上社の御柱は全部で8本。本宮1〜4の御柱と、前宮1〜4の御柱で本宮1が一番太く、
前宮4が一番細い御柱と決まっているのだそうです。メドデコもこれに準じて細くなっていくんだとか。
私が到着した夕方ごろにようやく1日目の見せ場「穴山の大曲」にさしかかっていて
この場所、交通規制解除後の夜に連れて行ってもらったのですが、ほぼ直角。道幅は1車線。
こんな曲がり角を長い御柱が通るには、指揮官(のような人)の采配が上手く行かないとダメなんだそうです。
当たり前だけど一度になんて曲がれないので、少しずつ何度も場所を移動していき
そのたびに「木やり」という甲高い声の合図、進軍ラッパ、「エイサ、エイサ」の掛け声が響く。
「木やり」は最初聞いた時には声明のようにほとんどがメリスマティックな節回しなんだと
一人勝手に思い込んでいたら、きちんと言う言葉が決まっているのだという。
喉声で高音域が続く木やりだけど、男性も女性も子供も歌う。
やっぱり男性が一番きれい。
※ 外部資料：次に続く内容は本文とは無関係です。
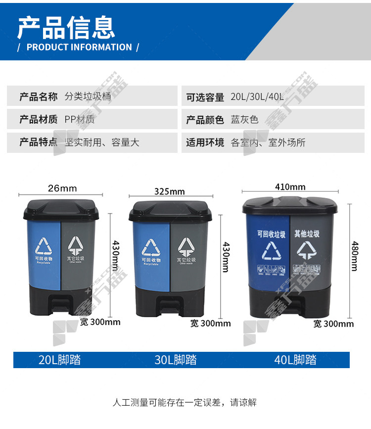keliban classified trash can with thickened flip cover KB1012 40L blue gray no specification
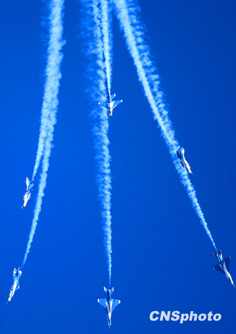 慶祝中國人民解放軍空軍成立60周年飛行表演,11月15日上午在北京沙河機場舉行。表演按八一飛行表演隊4架殲-10飛機表演12個動作和6架殲-7GB飛機表演15個動作,分四機對頭交叉、四機菱形隊大坡度盤旋、單機小速度平飛等27個動作,其中四機對頭交叉動作是這次表演中技術難度較大的動作之一,這是國產三代飛機和國產二代飛機首次同場競技表演。圖為殲-7GB表演六機向下開花。中新社發 宋吉河 攝

もちろん音域はカウンターテナー。

初めて御柱を生で見て、一番驚いたのが木やりに続くラッパ。
そのメロディーはもろに進軍ラッパで、「突撃の合図」がよく使われていました。
使っているラッパはトランペットなどのように音程調節のない軍隊式ラッパで昔の御柱にはなく、
男性が戦地に行ってしまい人が少なくなった御柱祭の景気付けに使われるようになったそうです。
(戦時中にもあんなに大きな祭りをやっていたという事実も凄い)
出身県にキャッチフレーズをつけるなら「軍歌系信州人」とよく友人が言っていたのを今、納得。